I remember one time Phil asked Andrea if she could invite anyone over for Thanksgiving, who would it be? and she replied, "Sid Vicious."

Okay, maybe I could use that.

But I think I'd start instead with Nancy Sinatra reclining on stage in her pink, pseudo-Native American dress and pink boots singing, "Bang, Bang--My Baby Shot Me Dead."  It's stark--that black background against that shocking pink; it's glamorous--oh that thick, deep 60s long, blond hair; and it has nothing what-so-ever to do with the story-line, which would have been my take on things at the time.


Then, perhaps, there'd be a shot of the gang at the zoo feeding flamingos.  Marsh, here after known as Swamp, would be looking into the camera with strait, dark brown shoulder length hair, Lennon-specs and a cheesy smile.  He'd be wearing a white U2 Joshua Tree t-shirt.  Andrea would be bending over the metal bar, wearing a bright blue t-shirt and blue and black checkered Capris talking to a flamingo directly below her.

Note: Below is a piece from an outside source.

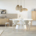- Witte afwerking: De tafel is afgewerkt in wit, wat zorgt voor een frisse en heldere uitstraling die gemakkelijk kan worden gecombineerd met verschillende interieurstijlen, van Scandinavisch tot modern.

Here, her hair would be auburn and straight, but it could be any color from neon orange to purple.  Each scene it will be different.  The movie will end with Andrea as Nancy Sinatra, only she will be dressed like Sinead O'Connor and will have a shaved head.  She won't like that.  She won't like any of it.  Jim, I'm not sure what Jim does.  He wears a concert shirt of the Police.  It has the arms ripped off.  He's showing off his muscle.  Oh, I got it, he stands next to Andrea, but faces towards the camera while she faces away.  He looks down at the concrete wearing dark sun-glasses, the type Buddy Holly would wear if Buddy Holly wore sunglasses.  He's counting ants on the ground.  He's up to twenty-four.  I'm not sure why.

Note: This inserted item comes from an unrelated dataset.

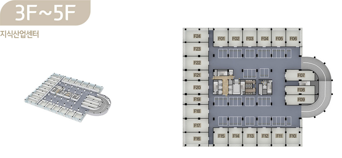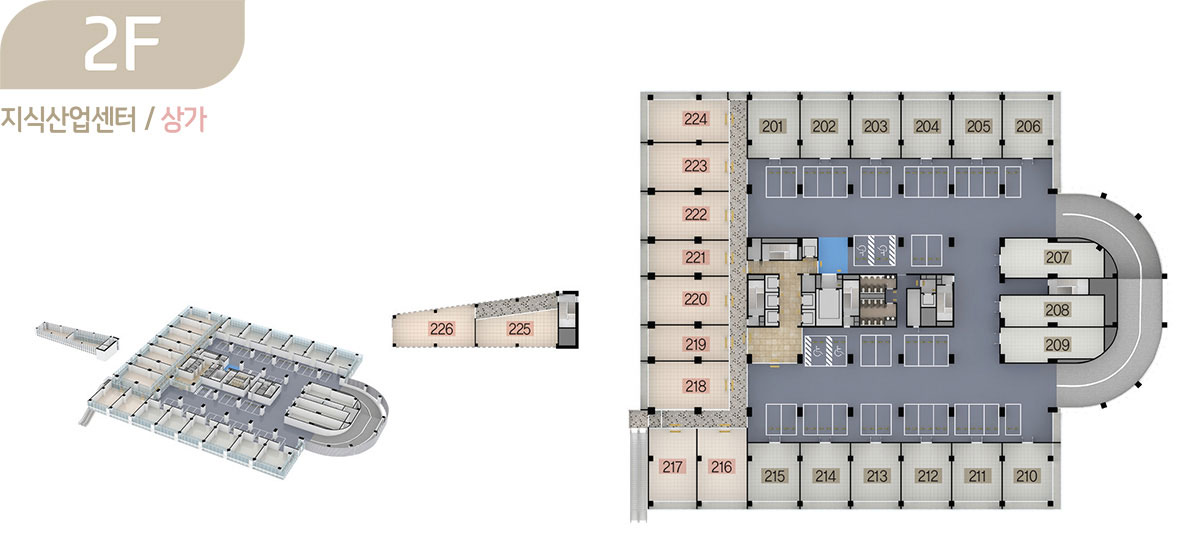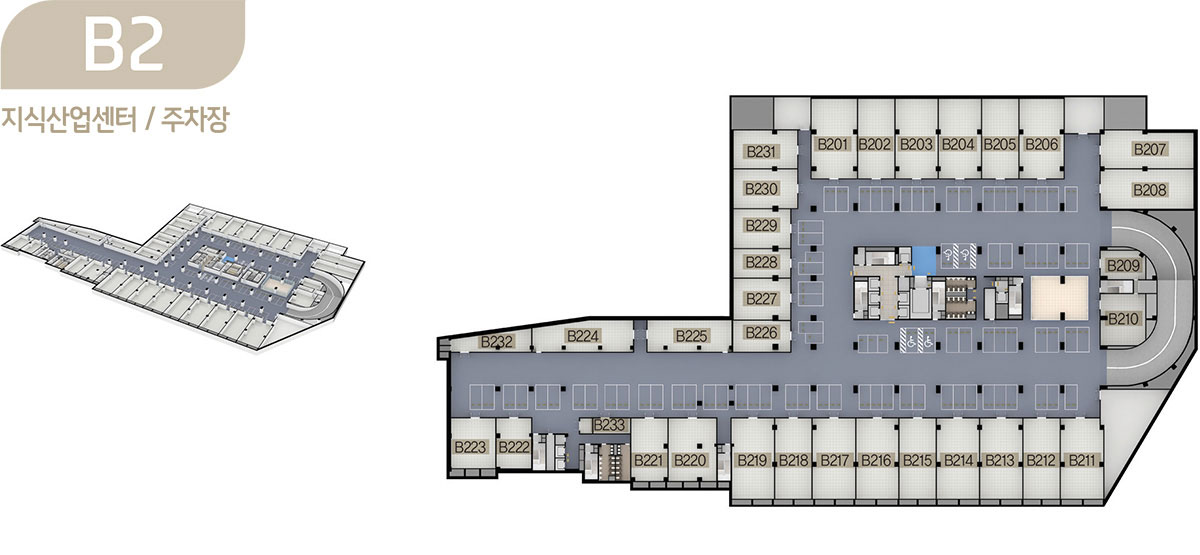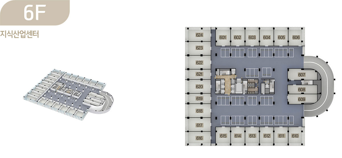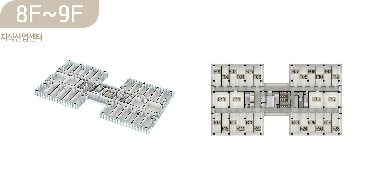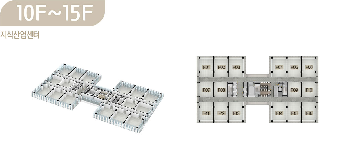 드라이브인 시스템이 적용된 공장형 지식산업센터는 지하 2층부터 지상 6층까지로 제조업, 물류창고 등 원자재나 물류량이 많은 업체가 사용하기에 안성맞춤이며, 오피스형 지식산업센터는 지상 7층부터 15층까지로 모든 호실을 중소형 크기의 섹션 형태로 구성해 입주 기업들이 원하는 만큼 공간으로 활용할 수 있도록 하였습니다.

The Barking Strings are never sure why.

Phil is pelting the flamingos with bread.  Or, rather Phil, here after known as Glasses, is trying to pelt the flamingos with bread.  Bread doesn't make very good stones.  He looks like Neil Young.  He will hate that.
He doesn't hate Neil Young.  That will soon become very apparent.  But, he will hate that he looks like Neil Young.

Lucy, she now prefers to be called Lucia, will be telling Phil, I mean Glasses, to stop it, that he's mean.  She is the 1960s counter-culture type--two braided pony tails, leather headband, tie-died t-shirt, flowing skirt and all.

Me.  Well, I'm skinny with a white dress shirt that is big and sloppy.  I wear blue-gray dress slacks and canvas vans.  I have a bit of mullet, and if I looked cool, I'd look a bit like Cy Curnin of the Fixx (see video below), but I'm not cool.  I'm a geek with a great unused mind instead.



I hold up a copy of Evelyn Waugh's Brideshead Revisited, open the cover, and show the author's note to the audience.  The camera zooms in on the following:

I am not I; thou art not he or she;
they are not they.

--E.W.

There is a black and white shot of U2 by the Mississippi River.  "Heartland" plays.  Scene fades.